Emballé, c'est pesé : du 4 sur 5 pour moi (©photos V. D.), il y a suffisamment de film d'auteur distillé dans ce blockbuster pyrotechnique qu'est Civil War, en gros un « blockbuster pour adultes », pour le distinguer. Et puis, il n’est pas impossible d’aimer un film pour d’infimes détails, comme ce formidable passage, aux allures de temps suspendu, montrant Lee (Dunst), qui commence alors à ne plus vouloir retourner au front car elle ne veut plus faire partie de la guerre en cours (peut-être en fait a-t-elle en mémoire la phrase de la jeune femme lectrice, carrément à l’Ouest, croisée précédemment dans une ville sous cloche en partie désertée, disant « Nous, ce qu’on veut, c’est rester à l’écart, avec tout ce qu’on voit aux infos, c’est ce qu’il y a de mieux à faire »), simplement allongée au sol, au ras de l’herbe en plein milieu d’un affrontement, ses yeux « photographiques » préférant fixer de jeunes pousses - l’objectif de la caméra fait alors finement le point sur ces modestes petites fleurs sauvages naissantes. Question cliché, non pas au sens de poncif mais d’image photographique légendaire, certes on peut penser à la photographie évanescente du floral Virgin Suicides. Mais, à ce moment-là, j’ai davantage eu en souvenir la puissante Jeune fille à la fleur (1967) de Marc Riboud (1923-2016), cliché culte, estampillé « Flower Power », mouvance hippie des sixties prônant la non-violence, photo prise justement, pendant une manifestation à Washington, contre l'intervention américaine au Vietnam, qui montre frontalement une jeune manifestante de 17 ans, Jan Rose Kasmir, s’approcher, la fleur au(x) fusil(s), de soldats équipés de fusils à baïonnette : son arme à elle, inoffensive, étant une fleur. Oui, plutôt que de plastronner la froideur des armes nourrissant le jeu de massacre de la folie guerrière, il est bon de se rappeler, surtout en cette période pour le moins tendue que nous connaissons, la poésie d’une fleur comme flux vital de l'espérance. Là, l’humaniste Alex Garland, avec ce petit rien des plus délicats, vient nous toucher en plein cœur. 
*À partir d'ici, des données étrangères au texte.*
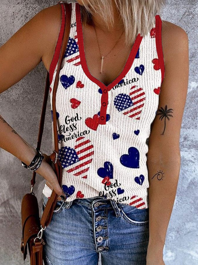 Women's 4th of July Flag God Bless America Print V-Neck Vest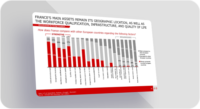FRANCE’S MAIN ASSETS REMAIN ITS GEOGRAPHIC LOCATION, AS WELL AS THE WORKFORCE QUALIFICATION, INFRASTRUCTURE, AND QUALITY OF LIFE Attractiveness for foreign investors How does France compare with other European countries regarding the following factors? STRENGTHS WEAKNESSES Note: in % of respondents, Ranking = Strenght + Equivalent 13 Source : AmCham-Bain Barometer, Bain analysis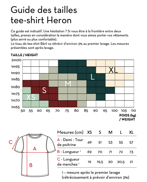 Conçu pour être porté au quotidien, le tee-shirt Heron sera aussi votre meilleur allié pour tous les sports car il est évidemment respirant, thermorégulant et lavable en machine.
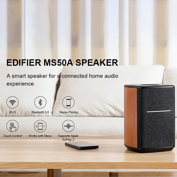 The Edifier MS50A is a powerful smart speaker with amazing sound quality that lets you stream music via WiFi with Spotify, Alexa Music, Apple Airplay 2, Bluetooth and much more.

Civil War (États-Unis, Royaume-Uni, durée : 1h49), réalisation et scénario : Alex Garland. Image : Rob Hardy, montage : Jake Roberts. Avec Kirsten Dunst, Cailee Spaeny, Wagner Moura, Stephen McKinley Henderson, Nick Offerman et Jesse Plemons. Production : DNA Films, IPR.VC. Distribution : Metropolitan Film export. En salle depuis le 17 avril 2024.